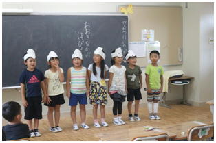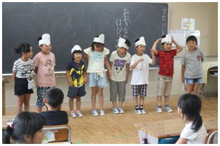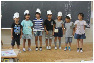 2018年7月11日 14時24分1年生が、国語で学習した「おおきなかぶ」を劇にして発表会を行いました。3つのグループに分かれて、みんな一生懸命に役を演じることができました。また、教科書を読む係の児童もたいへん上手に読んでいました。
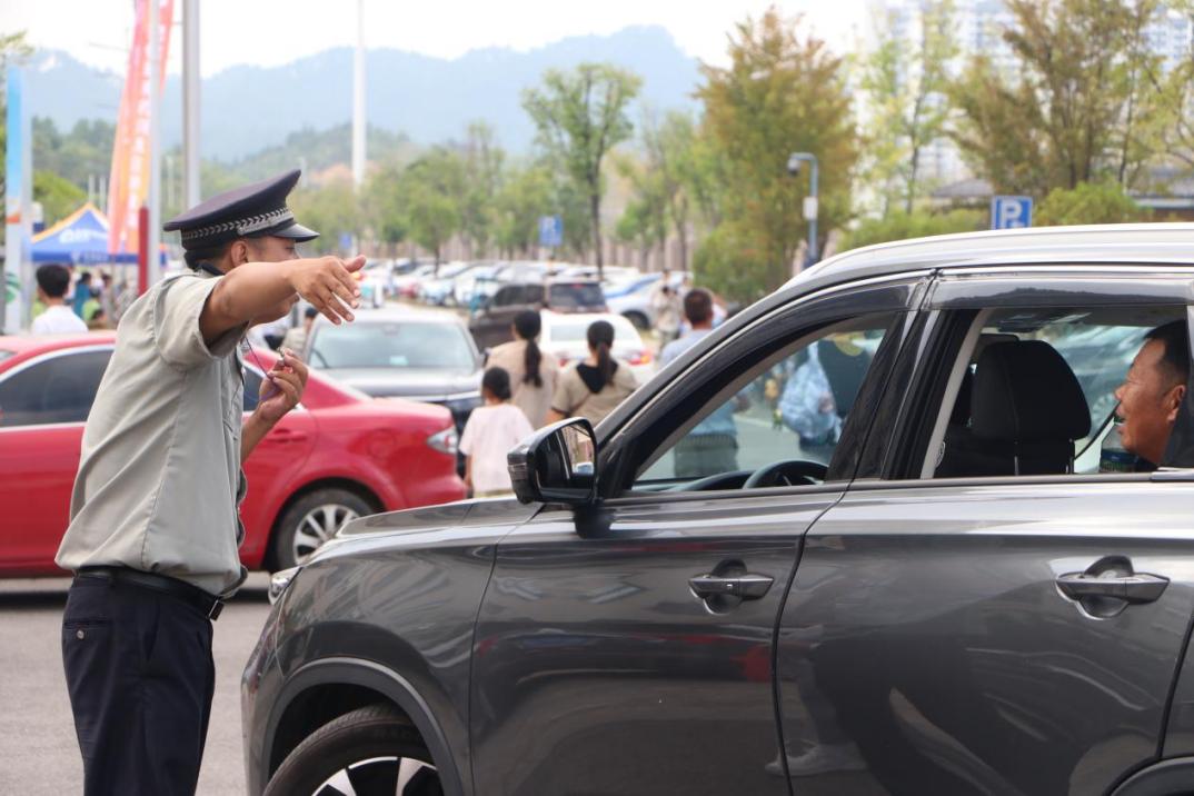 工作人员为新生家长指路,维持校内交通秩序 校融媒体中心记者赵诗莹摄
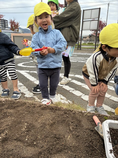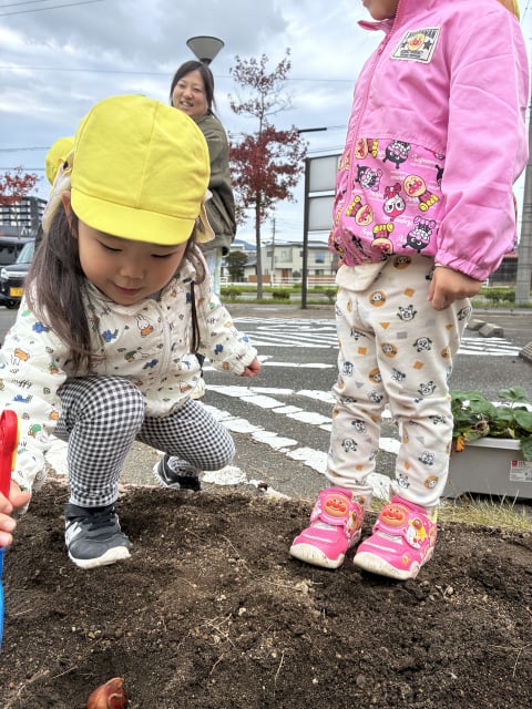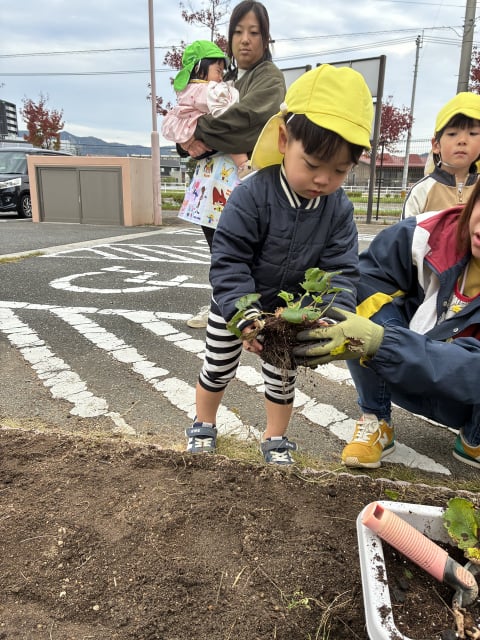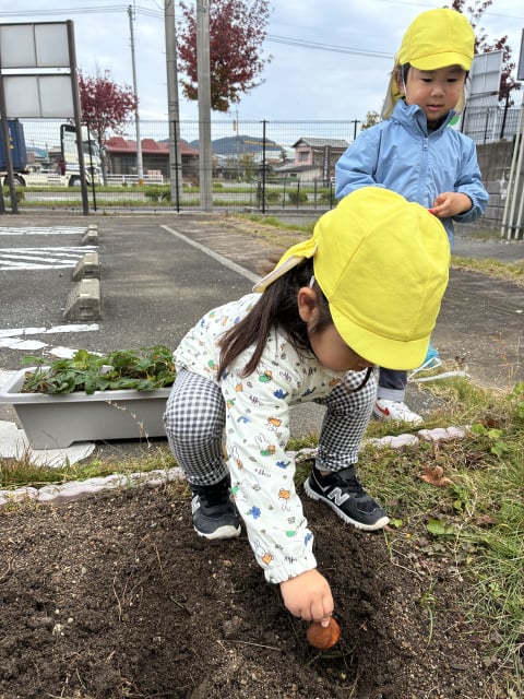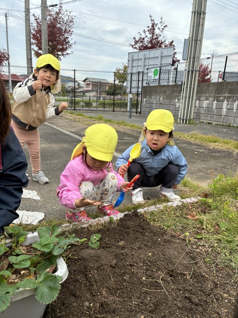 先日いもほりをして、すっきりした畑に、チューリップ🌷の球根とイチゴの苗をぞう組さんが植えてくれました(*^▽^*)
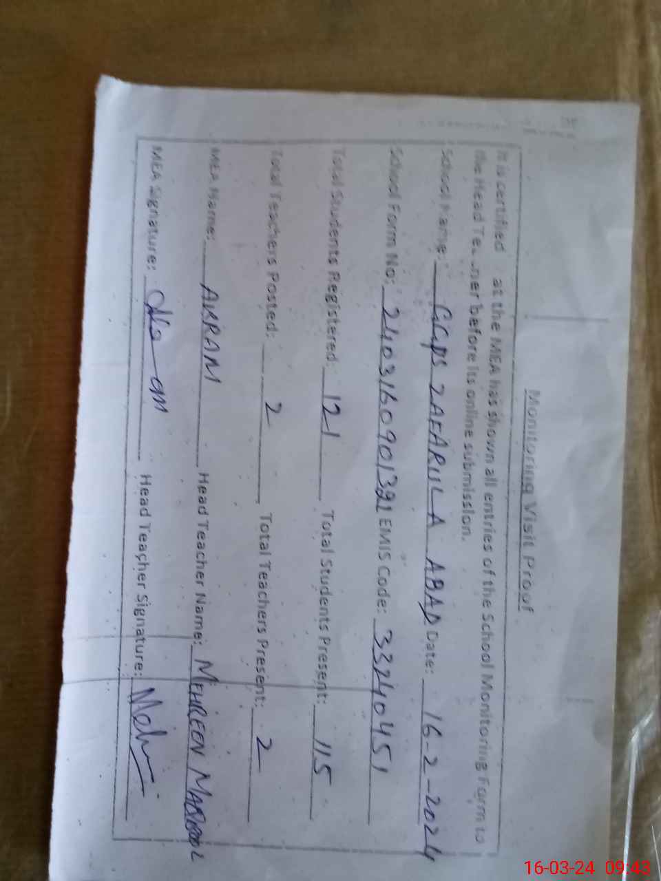 | EMIS Code: 33240451 | Name of School: GGPS ZAFARULA ABAD | |||
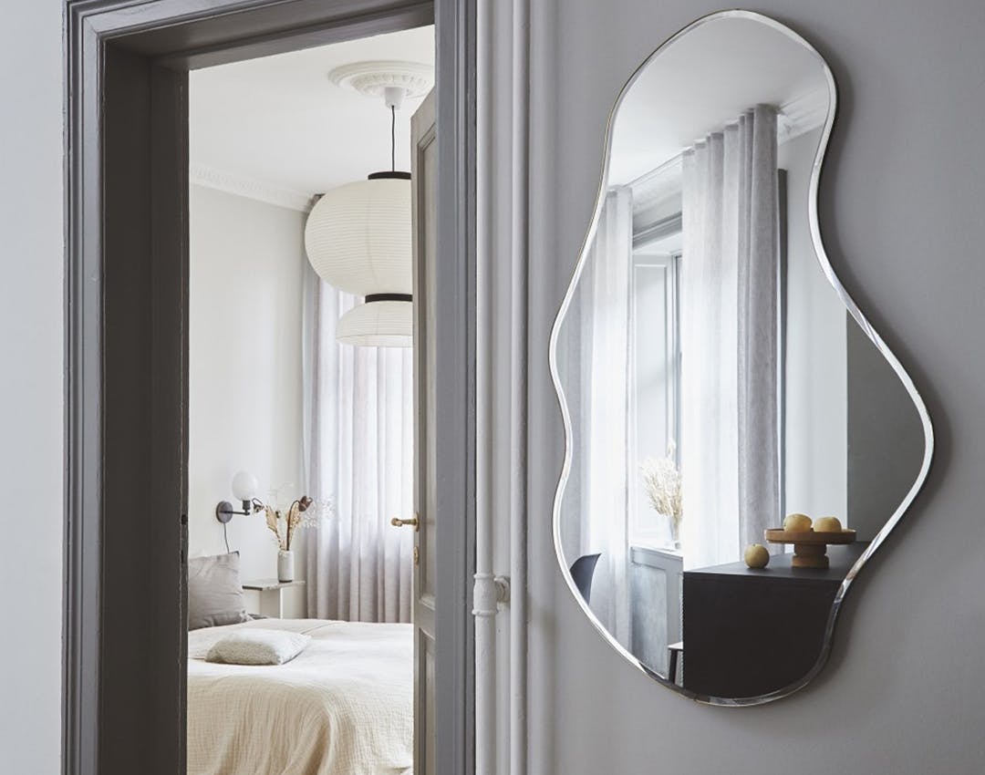 Hæng flere spejle op i forskellige geometriske former, eller gå på jagt efter et spejl, der næsten er et kunstværk i sig selv. Så kan du holde resten af indretningen neutralt, uden at resultatet bliver kedeligt.

• • • • • • •

» Exercise description
In this exercise, set down all of the data exactly, without the pictures.

» Written solution
 2018年7月11日 14時24分1年生が、国語で学習した「おおきなかぶ」を劇にして発表会を行いました。3つのグループに分かれて、みんな一生懸命に役を演じることができました。また、教科書を読む係の児童もたいへん上手に読んでいました。
 工作人员为新生家长指路,维持校内交通秩序 校融媒体中心记者赵诗莹摄
 先日いもほりをして、すっきりした畑に、チューリップ🌷の球根とイチゴの苗をぞう組さんが植えてくれました(*^▽^*)
 | EMIS Code: 33240451 | Name of School: GGPS ZAFARULA ABAD | |||
 Hæng flere spejle op i forskellige geometriske former, eller gå på jagt efter et spejl, der næsten er et kunstværk i sig selv. Så kan du holde resten af indretningen neutralt, uden at resultatet bliver kedeligt.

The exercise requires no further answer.